In typical studies of CRP, participants are grouped according to whether they have high or low CRP levels. In these studies, confounding variables congregate in these two groups. For example, people with high CRP may be more likely to smoke and to have a higher body mass index and higher lipid levels—all of which influence cardiovascular outcomes. It is therefore difficult to tease out the effect of CRP levels from other background risk factors.

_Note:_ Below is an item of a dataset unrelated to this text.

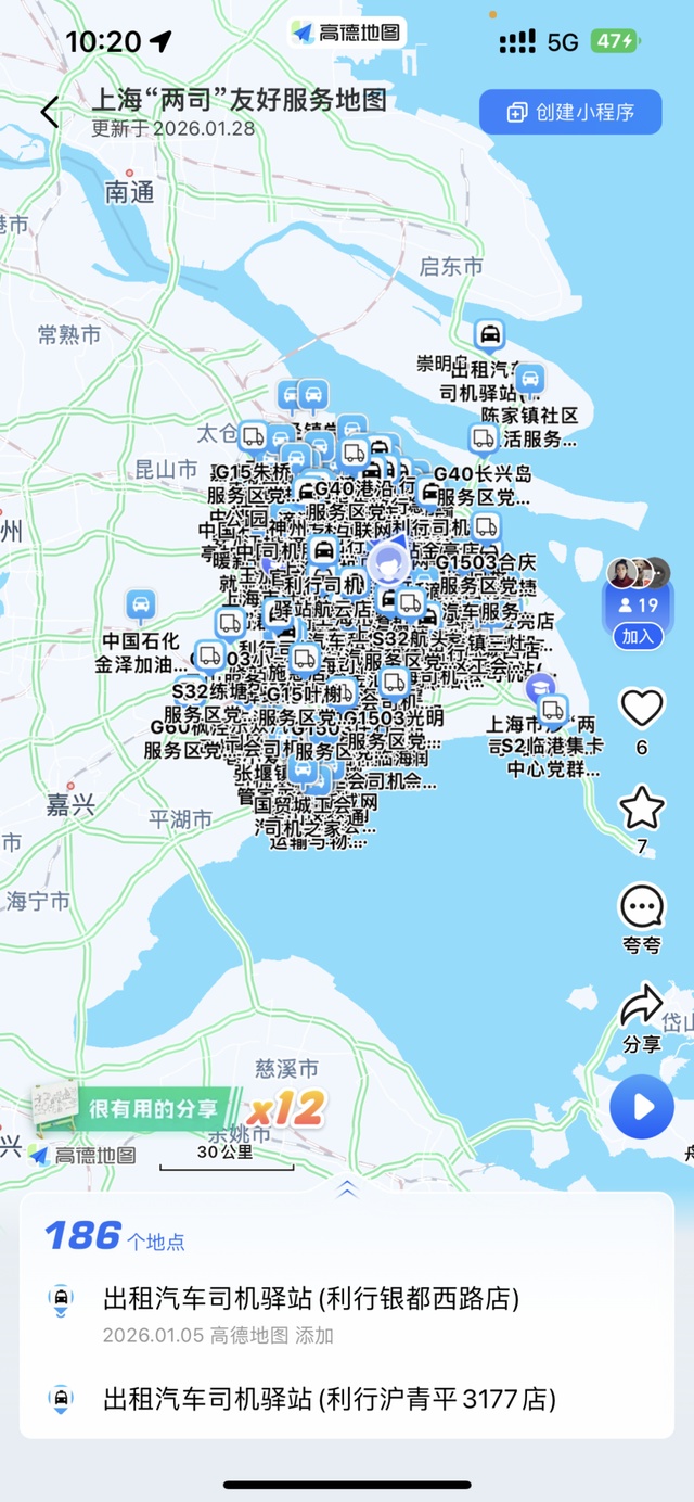 在本市各级交通主管部门、市总工会及相关企业协同推进下,该服务地图已整合上线186个服务点位,其中包含出租汽车司机驿站/网约车司机小站67个、货车司机之家12个、法律服务站点6个、工会司机之家101个,实现服务资源“一图汇聚、一键可达”。
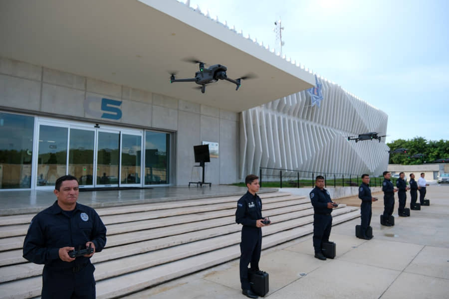 La gobernadora de Quintana Roo, Mara Lezama, estuvo en el Complejo de Seguridad C5 y observó la capacitación que se proporciona a los elementos de la Secretaría de Seguridad Ciudadana que se encargarán de manejar estos equipos aéreos. Forma parte de la capacitación permanente que reciben en la corporación.

In contrast, in studies using mendelian randomization, patients are grouped according to whether they have a variant that affects the substance being studied (eg, CRP), and outcomes are compared between the two genetic groups.

Strengths and limitations of this method

By randomizing research subjects by gene variants affecting CRP levels, it is theoretically possible to achieve more equal stratification and minimize confounding between subgroups.33

Mendelian randomization should also address the possibility of “reverse causality,” when the intermediate trait with a potential role in disease development (eg, CRP) is actually regulated by the disease state itself (ie, “inflammation of atherosclerotic cardiovascular disease”).34

A limitation of mendelian randomization is that different genes influencing the biomarker under investigation must be proven to be truly randomly assorted among populations. It cannot be assumed that levels of a biomarker are equally distributed across cases and controls when there may in fact be non-random genetic associations.

For instance, if SNPs in various genes that affect creatine kinase levels were being compared to cardiovascular outcome, it would be important to take into account that baseline creatine kinase levels are higher in African Americans as well as in men in interpreting the study data.35

THE ELLIOTT STUDY (2009)

In a study published in 2009, Elliott et al1 mined genome-wide data collected over the last decade to bring more clarity to the issue of causality between elevated CRP and heart disease.

To accomplish mendelian randomization, the authors assessed SNPs that affect circulating CRP levels in combined sets of 28,000 cases and 100,000 controls—robust population sizes. The SNP variants included were associated with approximately 20% lower CRP levels. This degree of CRP reduction should correspond to a 6% reduction in coronary risk as predicted by meta-analysis of observational studies.